YOUR GOAL
Your answer must be an exact copy of the records, minus any pictures.

DATASET
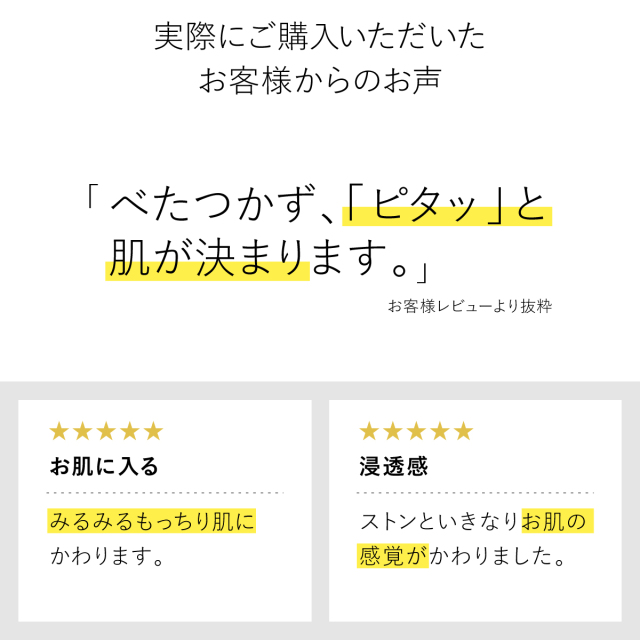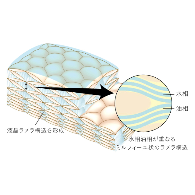 ストンと角質層の奥まで浸透し、ミルフィーユ状にうるおいとハリで満たされむっちりした肌へ導きます。
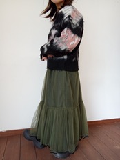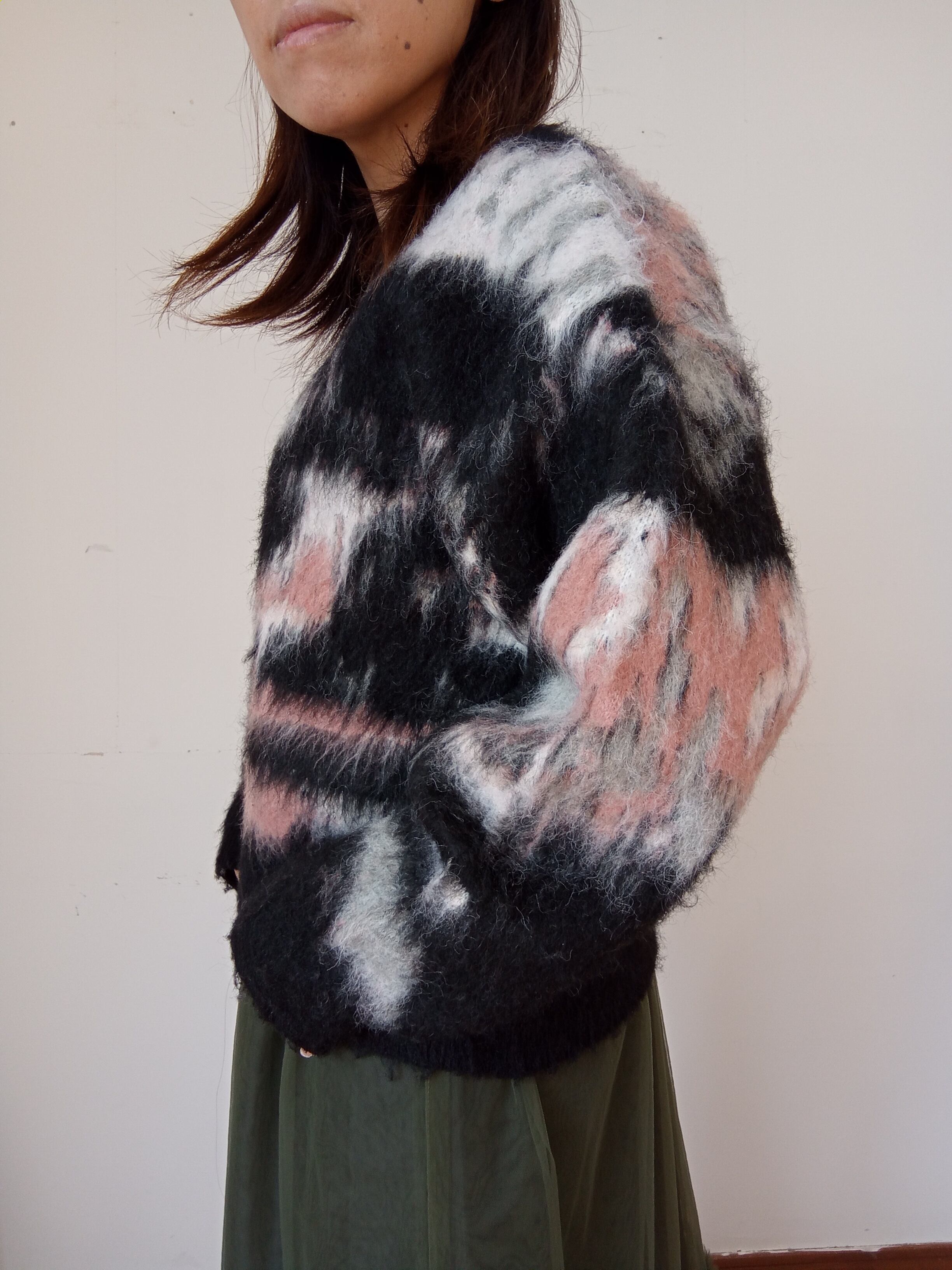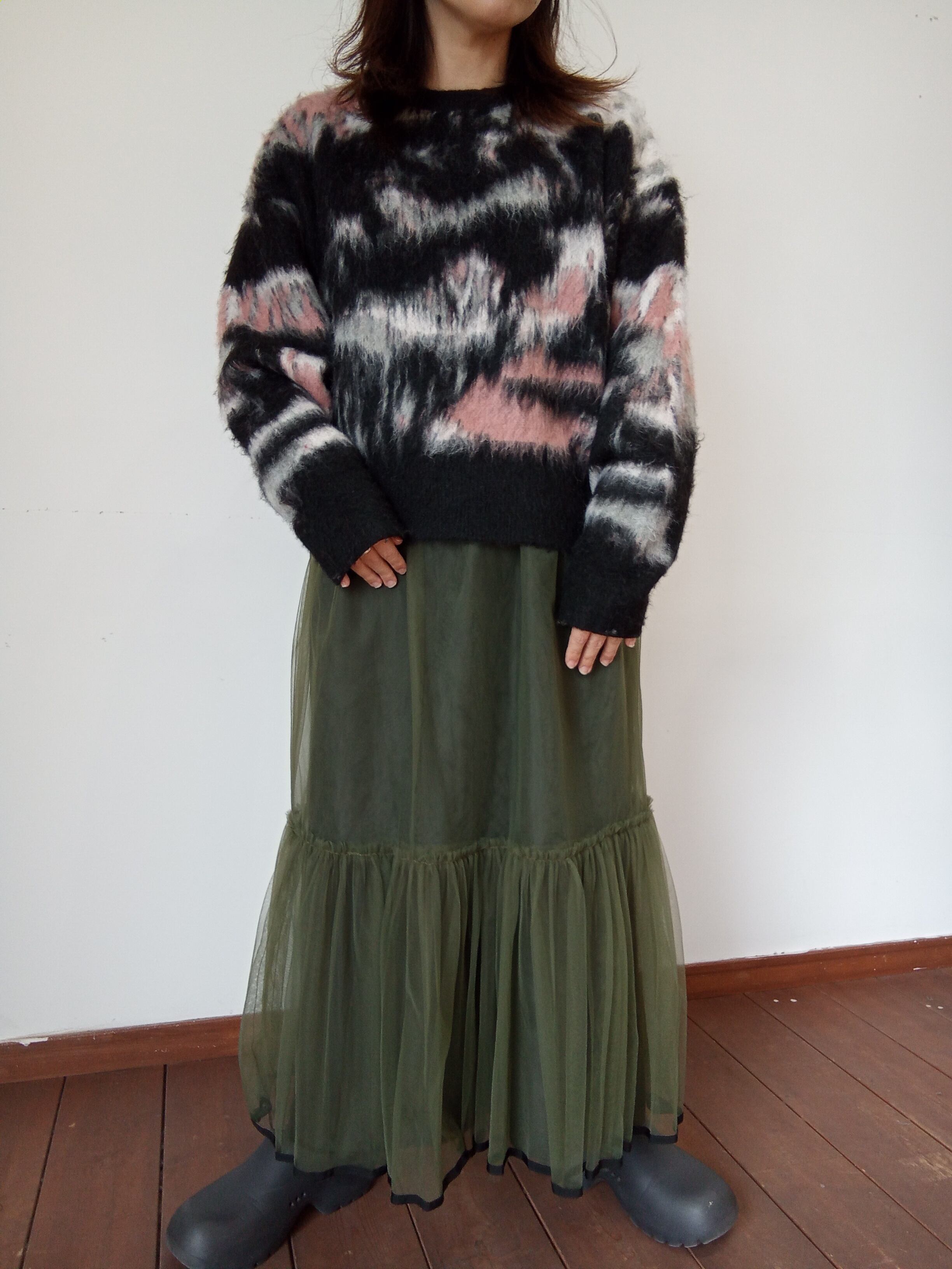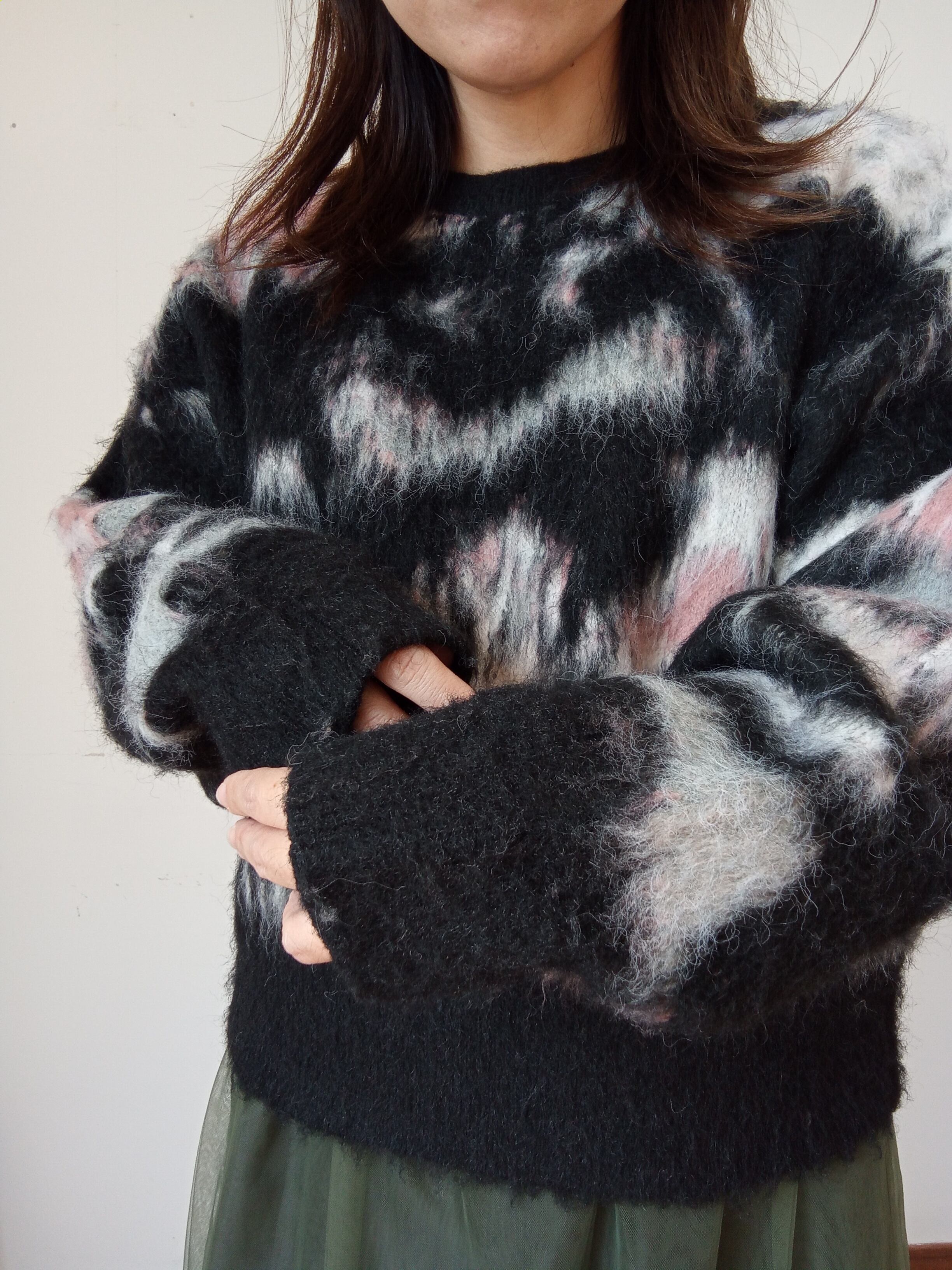 柄を主張しすぎないニュアンス柄のシャギープルオーバーニット。程よい厚みの編地で、軽く柔らかく暖かい素材感。柄も主張しすぎず、ゆるりとしたサイズも着やすい1枚です。
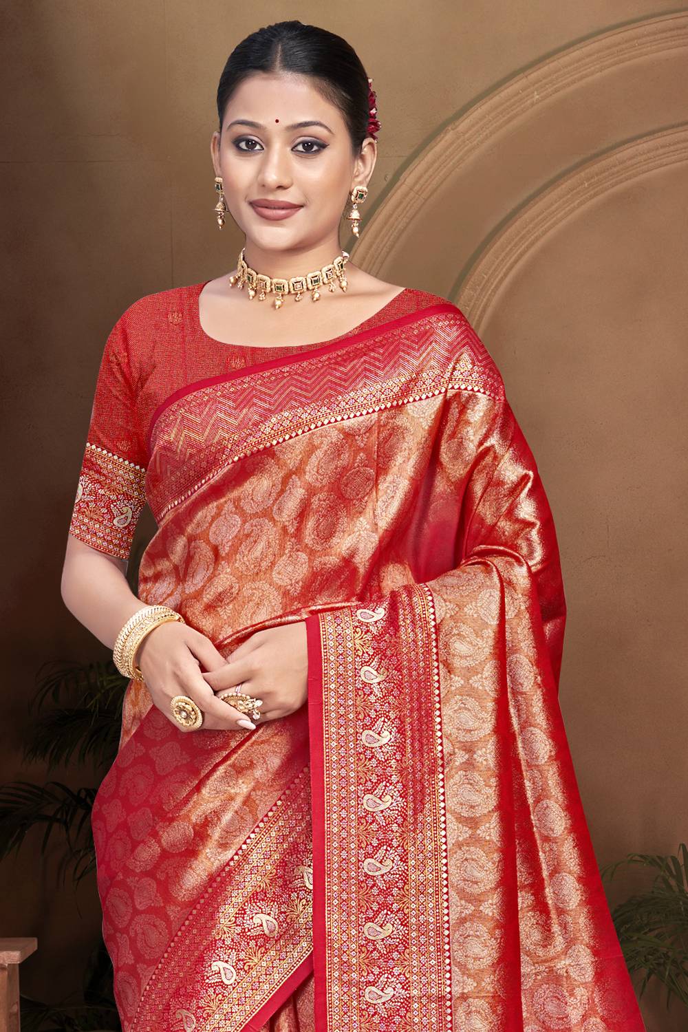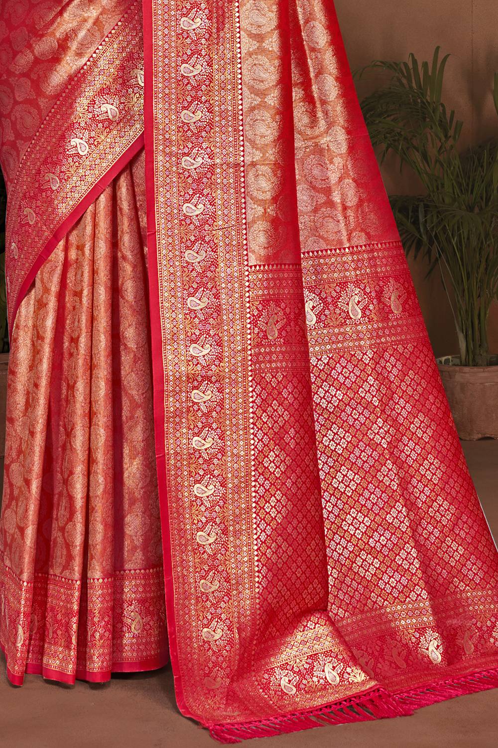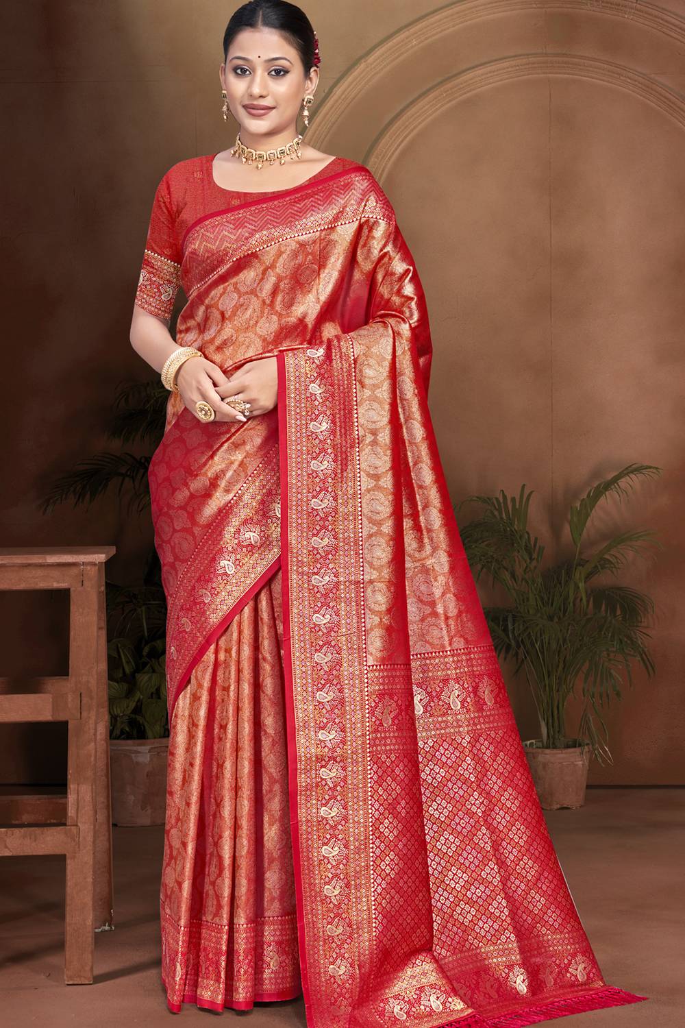 Elevate your wardrobe with our exquisite Saree a masterpiece crafted to add timeless elegance to your style. Made from Kanjivaram Silk this saree offers a perfect mix of comfort and sophistication. Adorned with Woven it showcases intricate craftsmanship that speaks volumes of tradition and artistry. Perfect for Sangeet, Festive this saree is a versatile addition to your collection, ensuring you stand out effortlessly. Pair it with elegant Jewelry, for a glamorous look. Add Clutches or Potli Bags and complete the ensemble with Wedges & Heels , making it a perfect choice for any event. Make a statement and embrace the elegance of Saree today
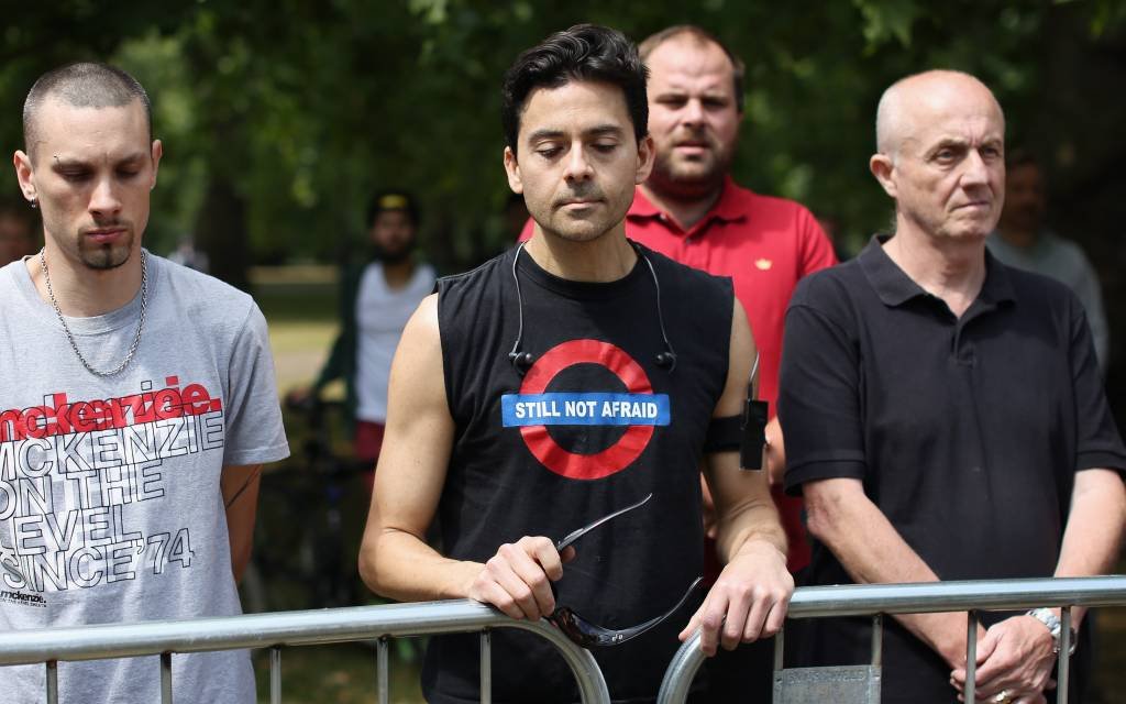 Paul Crowther, chief constable of the British Transport Police; Adrian Leppard, commissioner of the City of London Police; and Sir Bernard Hogan-Howe, commissioner of the Metropolitan Police also lay wreaths at the Hyde Park memorial, where hundreds of Londoners congregated to show their respects to the 52 people who died in the attack and the hundreds who were injured.
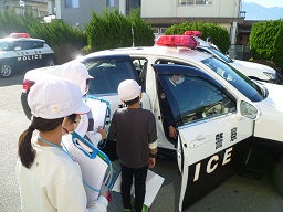 小春日和の今日、3年生が北杜警察署等へ見学に行く校外学習を行いました。パトカーの中を見せてもらったり、警察署の役割を教えてもらったりしました。また、キースへリング美術館を見学したり、いこいの杜で地雷除去機を見てきたりすることもできました。

EXERCISE ANSWER
 ストンと角質層の奥まで浸透し、ミルフィーユ状にうるおいとハリで満たされむっちりした肌へ導きます。
 柄を主張しすぎないニュアンス柄のシャギープルオーバーニット。程よい厚みの編地で、軽く柔らかく暖かい素材感。柄も主張しすぎず、ゆるりとしたサイズも着やすい1枚です。
 Elevate your wardrobe with our exquisite Saree a masterpiece crafted to add timeless elegance to your style. Made from Kanjivaram Silk this saree offers a perfect mix of comfort and sophistication. Adorned with Woven it showcases intricate craftsmanship that speaks volumes of tradition and artistry. Perfect for Sangeet, Festive this saree is a versatile addition to your collection, ensuring you stand out effortlessly. Pair it with elegant Jewelry, for a glamorous look. Add Clutches or Potli Bags and complete the ensemble with Wedges & Heels , making it a perfect choice for any event. Make a statement and embrace the elegance of Saree today
 Paul Crowther, chief constable of the British Transport Police; Adrian Leppard, commissioner of the City of London Police; and Sir Bernard Hogan-Howe, commissioner of the Metropolitan Police also lay wreaths at the Hyde Park memorial, where hundreds of Londoners congregated to show their respects to the 52 people who died in the attack and the hundreds who were injured.
 小春日和の今日、3年生が北杜警察署等へ見学に行く校外学習を行いました。パトカーの中を見せてもらったり、警察署の役割を教えてもらったりしました。また、キースへリング美術館を見学したり、いこいの杜で地雷除去機を見てきたりすることもできました。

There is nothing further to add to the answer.